**ENTRIES PROVIDED:**
····················

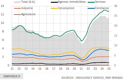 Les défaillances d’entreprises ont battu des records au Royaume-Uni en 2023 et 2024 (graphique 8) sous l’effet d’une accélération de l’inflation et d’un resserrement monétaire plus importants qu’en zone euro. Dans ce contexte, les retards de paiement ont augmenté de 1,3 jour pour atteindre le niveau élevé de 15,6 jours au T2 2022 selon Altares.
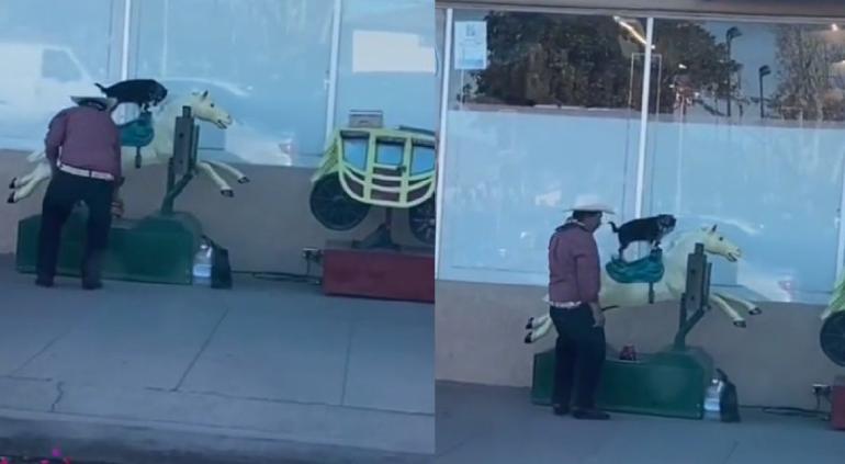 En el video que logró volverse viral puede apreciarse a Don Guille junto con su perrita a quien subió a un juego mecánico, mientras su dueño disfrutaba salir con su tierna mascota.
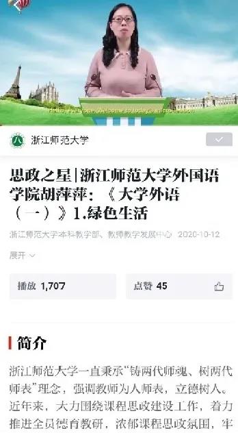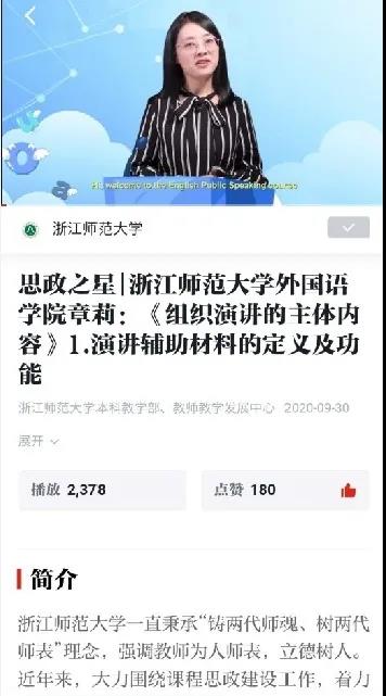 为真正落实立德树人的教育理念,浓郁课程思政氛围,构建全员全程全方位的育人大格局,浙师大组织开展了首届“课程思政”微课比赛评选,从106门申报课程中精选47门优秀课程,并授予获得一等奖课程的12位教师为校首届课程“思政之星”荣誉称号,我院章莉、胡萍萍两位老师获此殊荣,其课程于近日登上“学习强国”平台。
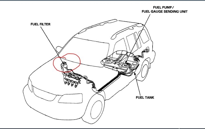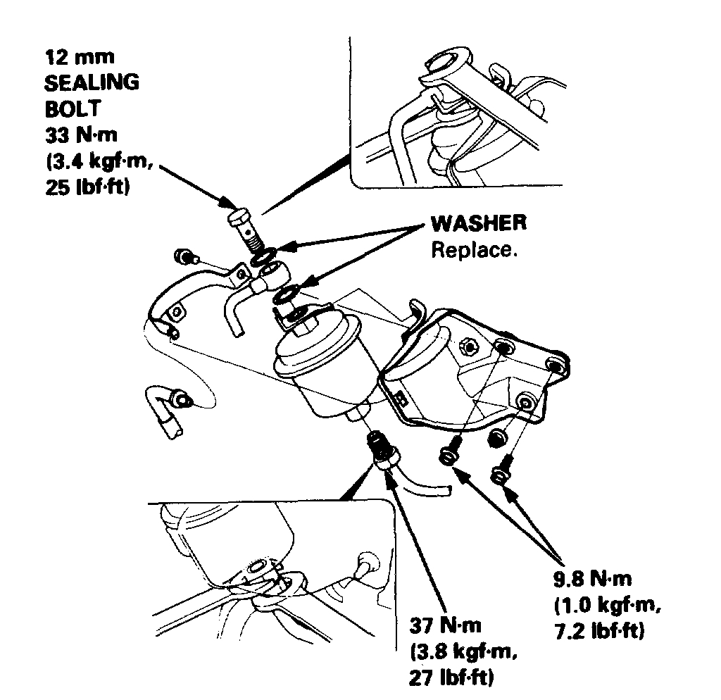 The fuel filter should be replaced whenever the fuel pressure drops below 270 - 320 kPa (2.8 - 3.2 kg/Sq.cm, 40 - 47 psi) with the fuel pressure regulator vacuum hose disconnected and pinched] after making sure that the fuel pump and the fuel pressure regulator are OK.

····················

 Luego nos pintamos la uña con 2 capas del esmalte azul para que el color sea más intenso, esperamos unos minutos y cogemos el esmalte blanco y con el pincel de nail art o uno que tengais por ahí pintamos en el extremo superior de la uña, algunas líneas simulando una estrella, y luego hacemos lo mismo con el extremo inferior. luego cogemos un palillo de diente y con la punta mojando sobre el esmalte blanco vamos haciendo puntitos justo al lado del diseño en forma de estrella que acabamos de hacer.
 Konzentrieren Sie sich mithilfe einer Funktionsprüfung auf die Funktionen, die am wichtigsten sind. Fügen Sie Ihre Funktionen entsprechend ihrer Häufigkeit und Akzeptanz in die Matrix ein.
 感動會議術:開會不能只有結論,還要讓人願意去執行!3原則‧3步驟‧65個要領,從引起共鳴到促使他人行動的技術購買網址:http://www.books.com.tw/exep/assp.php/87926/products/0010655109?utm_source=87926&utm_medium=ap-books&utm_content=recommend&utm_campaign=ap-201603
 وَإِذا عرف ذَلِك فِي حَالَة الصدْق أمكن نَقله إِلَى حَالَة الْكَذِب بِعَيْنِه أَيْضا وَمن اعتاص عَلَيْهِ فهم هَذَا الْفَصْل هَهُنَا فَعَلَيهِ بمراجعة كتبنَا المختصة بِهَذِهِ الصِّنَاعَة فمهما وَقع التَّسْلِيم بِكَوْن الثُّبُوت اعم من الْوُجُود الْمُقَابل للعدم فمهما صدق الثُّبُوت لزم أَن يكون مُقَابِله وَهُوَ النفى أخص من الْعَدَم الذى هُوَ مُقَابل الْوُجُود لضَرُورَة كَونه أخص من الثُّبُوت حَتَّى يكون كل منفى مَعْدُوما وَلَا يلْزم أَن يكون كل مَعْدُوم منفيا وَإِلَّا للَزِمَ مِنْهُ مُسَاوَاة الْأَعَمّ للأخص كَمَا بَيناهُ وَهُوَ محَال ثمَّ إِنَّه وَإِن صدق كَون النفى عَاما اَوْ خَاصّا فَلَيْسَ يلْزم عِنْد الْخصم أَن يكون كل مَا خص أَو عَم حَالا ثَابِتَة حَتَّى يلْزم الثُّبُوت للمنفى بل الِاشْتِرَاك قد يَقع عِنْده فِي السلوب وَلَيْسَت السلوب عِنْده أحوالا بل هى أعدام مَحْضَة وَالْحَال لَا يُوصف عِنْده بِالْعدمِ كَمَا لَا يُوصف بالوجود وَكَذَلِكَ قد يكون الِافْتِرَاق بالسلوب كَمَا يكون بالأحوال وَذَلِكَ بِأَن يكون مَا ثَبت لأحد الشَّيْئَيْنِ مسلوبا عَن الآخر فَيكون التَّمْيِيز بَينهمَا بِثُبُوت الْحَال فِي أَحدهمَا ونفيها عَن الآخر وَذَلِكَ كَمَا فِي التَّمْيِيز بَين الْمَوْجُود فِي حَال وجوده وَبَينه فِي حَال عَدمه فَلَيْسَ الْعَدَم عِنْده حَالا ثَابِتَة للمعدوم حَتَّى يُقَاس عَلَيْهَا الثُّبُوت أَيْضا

····················

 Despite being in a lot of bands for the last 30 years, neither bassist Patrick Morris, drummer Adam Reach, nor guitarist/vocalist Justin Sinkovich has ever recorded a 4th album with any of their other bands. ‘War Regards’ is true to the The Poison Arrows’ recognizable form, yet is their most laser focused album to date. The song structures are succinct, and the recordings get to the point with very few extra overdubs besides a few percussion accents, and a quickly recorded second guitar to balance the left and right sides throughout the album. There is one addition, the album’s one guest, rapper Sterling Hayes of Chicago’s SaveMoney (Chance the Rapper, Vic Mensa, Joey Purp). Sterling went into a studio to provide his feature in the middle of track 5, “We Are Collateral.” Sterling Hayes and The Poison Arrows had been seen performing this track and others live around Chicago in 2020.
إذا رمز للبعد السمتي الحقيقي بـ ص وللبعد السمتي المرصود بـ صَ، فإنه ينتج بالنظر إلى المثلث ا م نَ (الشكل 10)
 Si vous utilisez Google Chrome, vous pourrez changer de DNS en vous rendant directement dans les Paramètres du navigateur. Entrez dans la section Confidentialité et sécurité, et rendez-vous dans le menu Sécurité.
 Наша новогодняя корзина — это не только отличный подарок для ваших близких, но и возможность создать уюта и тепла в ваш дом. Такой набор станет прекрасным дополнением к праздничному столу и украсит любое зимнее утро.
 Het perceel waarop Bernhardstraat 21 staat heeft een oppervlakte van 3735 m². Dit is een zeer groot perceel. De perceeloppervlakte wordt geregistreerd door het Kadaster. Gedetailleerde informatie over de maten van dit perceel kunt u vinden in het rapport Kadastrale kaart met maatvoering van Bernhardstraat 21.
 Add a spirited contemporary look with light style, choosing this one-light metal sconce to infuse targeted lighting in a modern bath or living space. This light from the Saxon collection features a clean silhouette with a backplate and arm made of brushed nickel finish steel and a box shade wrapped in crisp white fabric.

····················

In the material above, locate the line containing "Konzentrieren Sie sich" and the line containing "感動會議術:開會不能只有結論". Transcribe exactly those two lines and every line between them, and nothing more.

**EXERCISE RESULT:**
 Konzentrieren Sie sich mithilfe einer Funktionsprüfung auf die Funktionen, die am wichtigsten sind. Fügen Sie Ihre Funktionen entsprechend ihrer Häufigkeit und Akzeptanz in die Matrix ein.
 感動會議術:開會不能只有結論,還要讓人願意去執行!3原則‧3步驟‧65個要領,從引起共鳴到促使他人行動的技術購買網址:http://www.books.com.tw/exep/assp.php/87926/products/0010655109?utm_source=87926&utm_medium=ap-books&utm_content=recommend&utm_campaign=ap-201603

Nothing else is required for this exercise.